• [DATA FOR REVIEW]
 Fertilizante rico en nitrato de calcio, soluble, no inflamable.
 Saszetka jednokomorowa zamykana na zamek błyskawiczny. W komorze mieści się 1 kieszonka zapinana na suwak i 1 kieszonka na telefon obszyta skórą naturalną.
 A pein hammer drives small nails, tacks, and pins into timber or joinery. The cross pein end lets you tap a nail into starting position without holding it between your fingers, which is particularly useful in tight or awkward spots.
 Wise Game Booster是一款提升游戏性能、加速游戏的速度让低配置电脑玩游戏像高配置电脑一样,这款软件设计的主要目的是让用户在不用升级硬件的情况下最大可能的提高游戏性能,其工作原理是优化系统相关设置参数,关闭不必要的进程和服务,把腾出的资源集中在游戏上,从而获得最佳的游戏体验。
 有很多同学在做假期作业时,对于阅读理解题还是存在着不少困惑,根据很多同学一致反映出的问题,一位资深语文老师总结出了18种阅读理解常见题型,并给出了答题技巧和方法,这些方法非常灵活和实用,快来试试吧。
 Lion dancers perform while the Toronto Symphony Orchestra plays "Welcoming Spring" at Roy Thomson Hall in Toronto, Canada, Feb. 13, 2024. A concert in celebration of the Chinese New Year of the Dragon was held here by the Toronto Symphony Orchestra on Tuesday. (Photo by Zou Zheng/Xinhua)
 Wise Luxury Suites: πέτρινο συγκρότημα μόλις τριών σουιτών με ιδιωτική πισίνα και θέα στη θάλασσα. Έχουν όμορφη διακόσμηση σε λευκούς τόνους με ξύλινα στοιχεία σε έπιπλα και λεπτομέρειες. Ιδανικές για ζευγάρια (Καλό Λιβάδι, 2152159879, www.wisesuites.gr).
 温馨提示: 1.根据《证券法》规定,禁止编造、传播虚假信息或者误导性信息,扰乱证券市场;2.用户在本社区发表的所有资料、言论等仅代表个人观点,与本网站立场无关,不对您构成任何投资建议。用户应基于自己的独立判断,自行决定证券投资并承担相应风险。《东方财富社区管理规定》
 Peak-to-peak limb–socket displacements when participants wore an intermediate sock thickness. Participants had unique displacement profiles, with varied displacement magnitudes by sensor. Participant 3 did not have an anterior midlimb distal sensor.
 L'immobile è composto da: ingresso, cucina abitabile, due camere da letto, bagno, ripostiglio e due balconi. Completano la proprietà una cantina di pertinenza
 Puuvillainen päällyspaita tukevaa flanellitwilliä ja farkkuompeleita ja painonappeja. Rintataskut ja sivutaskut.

...

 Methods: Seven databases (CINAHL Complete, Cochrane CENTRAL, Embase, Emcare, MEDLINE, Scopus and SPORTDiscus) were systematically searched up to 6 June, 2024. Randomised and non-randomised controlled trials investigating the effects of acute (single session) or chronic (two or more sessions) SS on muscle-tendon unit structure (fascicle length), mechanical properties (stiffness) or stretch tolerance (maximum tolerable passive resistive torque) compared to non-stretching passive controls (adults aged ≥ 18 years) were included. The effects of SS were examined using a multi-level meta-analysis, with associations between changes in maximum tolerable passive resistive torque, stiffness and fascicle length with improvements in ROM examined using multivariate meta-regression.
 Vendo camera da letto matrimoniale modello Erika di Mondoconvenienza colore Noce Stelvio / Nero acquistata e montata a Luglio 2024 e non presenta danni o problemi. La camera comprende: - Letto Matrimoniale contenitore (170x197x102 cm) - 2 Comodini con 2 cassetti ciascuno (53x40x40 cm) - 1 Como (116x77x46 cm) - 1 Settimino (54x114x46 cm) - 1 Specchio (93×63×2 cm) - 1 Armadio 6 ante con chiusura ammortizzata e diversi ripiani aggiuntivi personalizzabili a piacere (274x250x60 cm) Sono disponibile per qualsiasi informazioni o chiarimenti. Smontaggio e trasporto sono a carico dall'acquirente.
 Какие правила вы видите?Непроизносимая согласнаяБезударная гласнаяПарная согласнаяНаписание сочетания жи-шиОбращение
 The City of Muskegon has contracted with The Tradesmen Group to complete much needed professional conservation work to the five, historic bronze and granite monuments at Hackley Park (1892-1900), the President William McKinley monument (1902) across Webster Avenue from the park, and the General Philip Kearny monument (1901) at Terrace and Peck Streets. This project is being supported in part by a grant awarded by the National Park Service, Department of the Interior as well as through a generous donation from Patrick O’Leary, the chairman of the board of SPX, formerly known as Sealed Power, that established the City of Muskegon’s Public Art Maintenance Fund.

...

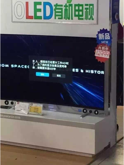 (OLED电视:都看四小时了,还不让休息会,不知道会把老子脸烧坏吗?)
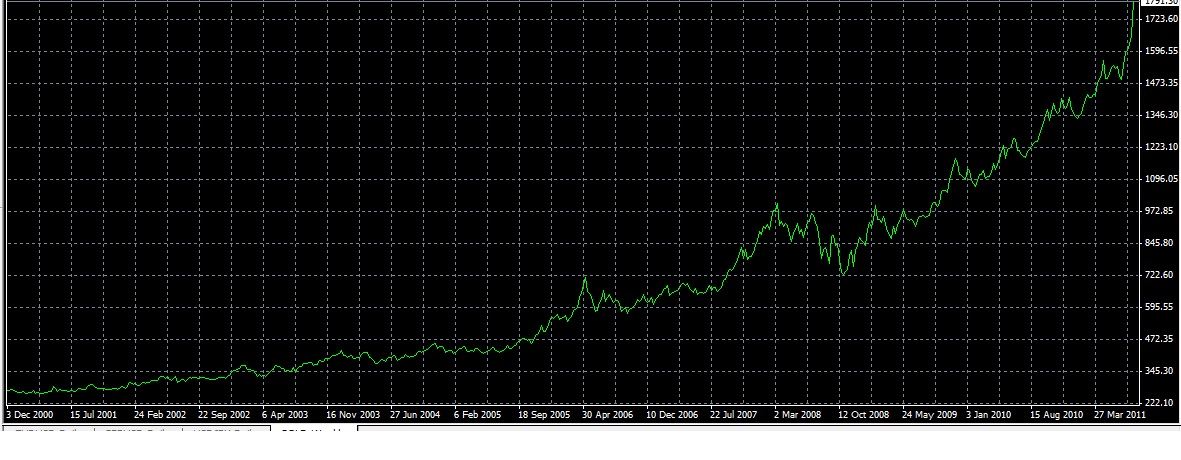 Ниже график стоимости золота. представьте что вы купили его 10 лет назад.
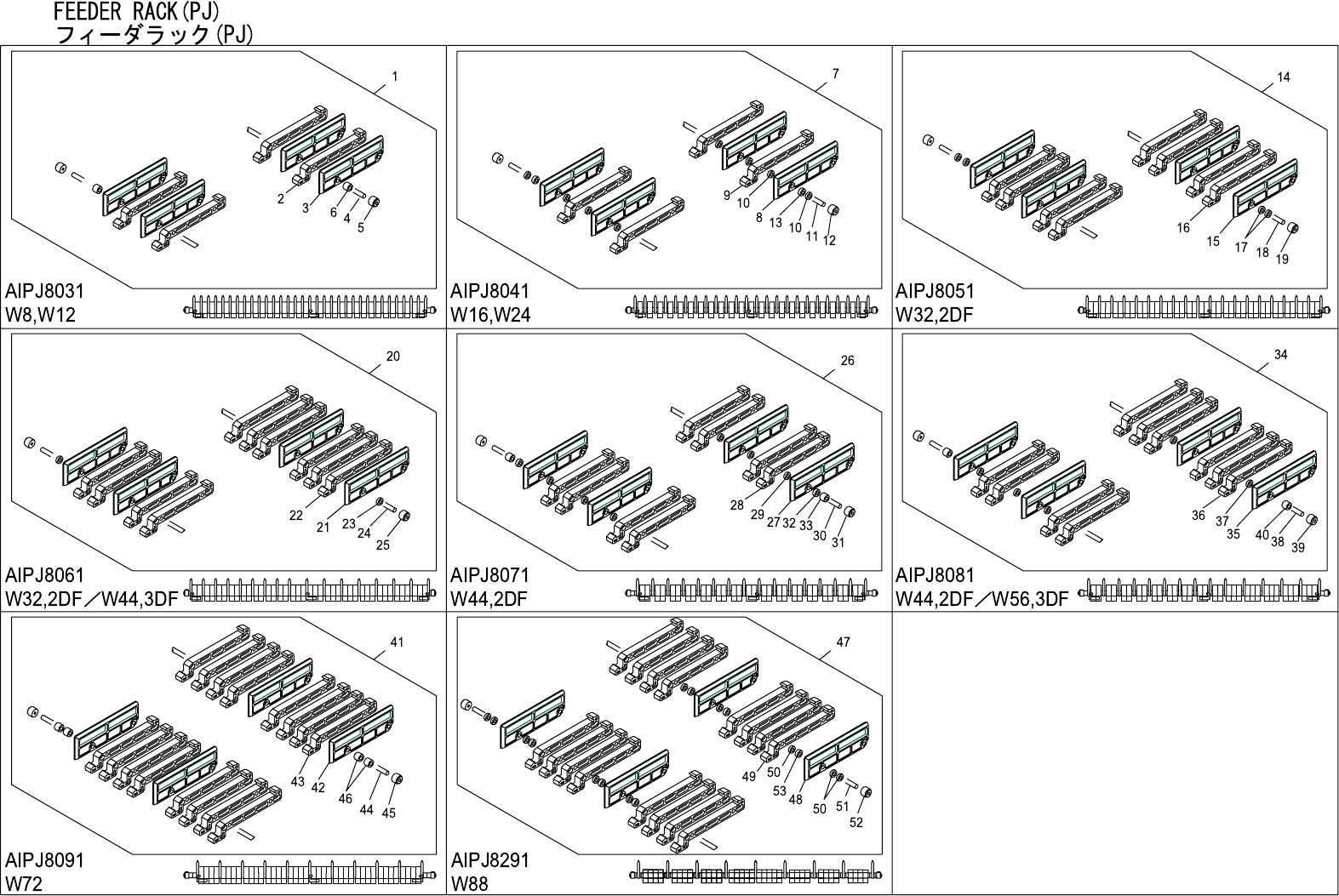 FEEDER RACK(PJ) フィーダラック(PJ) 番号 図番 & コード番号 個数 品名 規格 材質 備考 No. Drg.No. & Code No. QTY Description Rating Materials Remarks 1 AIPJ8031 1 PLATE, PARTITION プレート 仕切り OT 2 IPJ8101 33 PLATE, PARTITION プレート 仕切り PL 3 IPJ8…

• [WHAT YOU ARE ASKED TO DO] When a line in the material above holds the word "Wise", copy that line.

• [ANSWER BOX]
 Wise Game Booster是一款提升游戏性能、加速游戏的速度让低配置电脑玩游戏像高配置电脑一样,这款软件设计的主要目的是让用户在不用升级硬件的情况下最大可能的提高游戏性能,其工作原理是优化系统相关设置参数,关闭不必要的进程和服务,把腾出的资源集中在游戏上,从而获得最佳的游戏体验。
 Wise Luxury Suites: πέτρινο συγκρότημα μόλις τριών σουιτών με ιδιωτική πισίνα και θέα στη θάλασσα. Έχουν όμορφη διακόσμηση σε λευκούς τόνους με ξύλινα στοιχεία σε έπιπλα και λεπτομέρειες. Ιδανικές για ζευγάρια (Καλό Λιβάδι, 2152159879, www.wisesuites.gr).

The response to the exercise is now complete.